If you could change one rule in chess

The bolded part was my statement that en passant doesn’t change the game much. You say this is a “Hidden flaw” in my argument, but your counterargument doesn’t argue that it does.

In fact, your entire post is a straw man. Who said pawns were a tiresome inconvenience? Are you sure you replied to the right post?

I mean, I’m not mounting some huge campaign to have en passant removed from chess; I just don’t think the rule really serves a purpose.

I bought a set made out of chocolate once. :cool:
And they’re still making them!

I love Kriegspiel. The trick is finding two people round here willing to play it!

**Sockem-Bopper Chess!!! ** :smiley:

You can only move pieces with your right hand, as your left hand has a SockEm-Bopper on it. You have only 60 seconds between moves. You may only punch at your opponent on their turn, but you can try to block their blows. Also, you may not upset any of the pieces on the board or you automatically lose.

There are plenty of lines of play where the threat of en passant capture is highly significant. For instance, in some lines where White is attacking Black’s castled King with an attack directed against h7, he may be able to drive the Knight from f6 by playing e5, also opening the diagonal to h7. In that position it’s very much to the point that Black can’t simply scupper the attack by playing …f5, closing the diagonal again, as White can play e5xf6e.p.

I don’t know about a straw man, but I was trying to establish what “pawn-heavy strategy” means - if it doesn’t mean that pawns are a tiresome inconvenience, then by all means say so and say what it does mean.

Can anyone explain to me the idea behind the “no castling out of check” rule. I understand “through” and “into” (duh) but with the God save the King mentality that abounds in chess, “out of” seems that it should be permissable.
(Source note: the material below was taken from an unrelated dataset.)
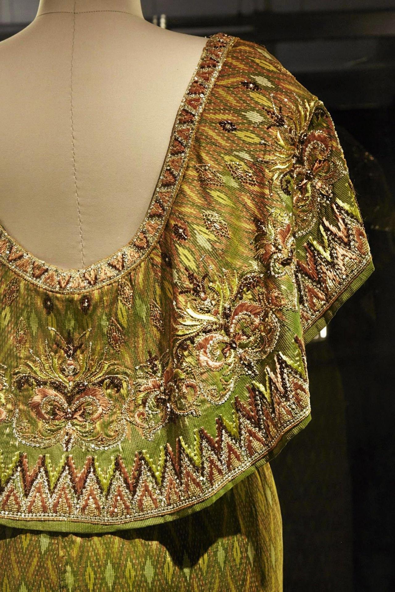 ฉลองพระองค์ชุดราตรี 2 องค์ องค์แรกตัดเย็บจากผ้าไหมมัดหมี่ลายโคมห้า ปักประดับลูกปัด พลอย และดิ้นทอง โดยสถาบันปักเลอซาจ ออกแบบโดย ปิแอร์ บัลแมง ทรงในงานพระราชทานเลี้ยงพระกระยาหารค่ำเป็นการส่วนพระองค์ ในโอกาสคล้ายวันเฉลิมพระชนมพรรษา ณ ศาลาดุสิดาลัย สวนจิตรลดา เมื่อปี 2522 อีกหนึ่งองค์ ตัดเย็บจากผ้าไหมมัดหมี่และหนัง ปักประดับฉลอง พระองค์คลุมบริเวณรอบคอและสาบเสื้อด้วยลูกปัด และเลื่อม ออกแบบโดย ปิแอร์ บัลแมง ทรงในงานพระราชทานเลี้ยงพระกระยาหารค่ำแด่เจ้าหญิงอเล็กซานดร้าและพระสวามี ในโอกาสที่เสด็จเยือนประเทศไทย ในฐานะพระราชอาคันตุกะส่วนพระองค์ ณ พระตำหนักทักษิณราชนิเวศน์ จ.นราธิวาส ปี 2523.

Would modifying this significantly alter strategy?

Early versions of chess had no castling. There was then some dalliance with a ‘King leap’, but eventually castling came in during the 15th century.
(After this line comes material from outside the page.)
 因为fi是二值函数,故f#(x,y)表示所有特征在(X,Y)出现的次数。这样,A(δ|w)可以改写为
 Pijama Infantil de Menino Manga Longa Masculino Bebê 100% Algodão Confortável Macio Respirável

I can only speak as an experienced player why all this happened. If the King is stuck near its original square, then best strategy is to attack it. This is great fun, but means positional chess and most endgame play is ignored.
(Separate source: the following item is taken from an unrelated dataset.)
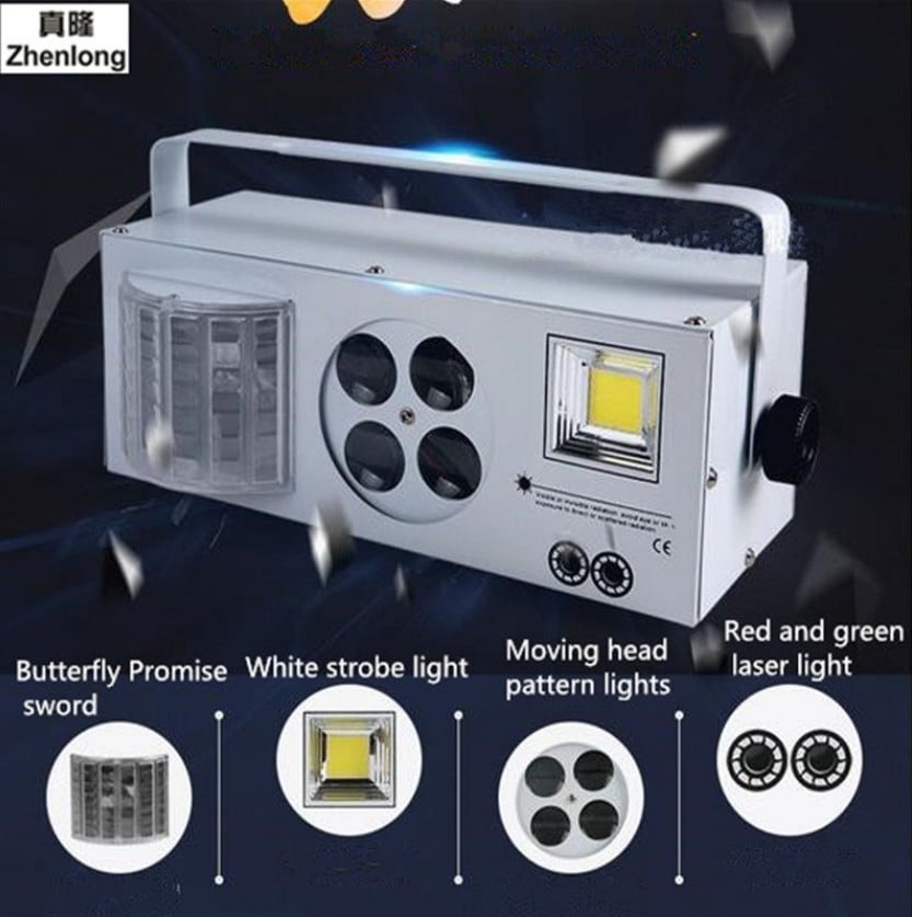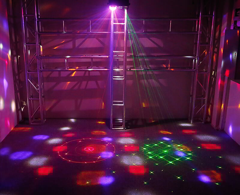 Διαθέτει 4 διαφορετικές Πηγές φωτισμού, Laser, Spot Led, Πολύχρωμα Led και Strobe.

Castling allows escape from a central buildup, and also brings a rook into the game.

Now there should be a ‘reward’ for attacking the King before it can castle (or perhaps a ‘penalty’ for leaving your King ‘unsafe’), so the rules don’t allow a player to castle once the King has moved (or with a particular rook if that has moved).
As you say, you can’t castle through check or into it. But being checked meaning you can’t ever castle seems too strong, so the balance is that you must first get out of check without moving your King and can then castle.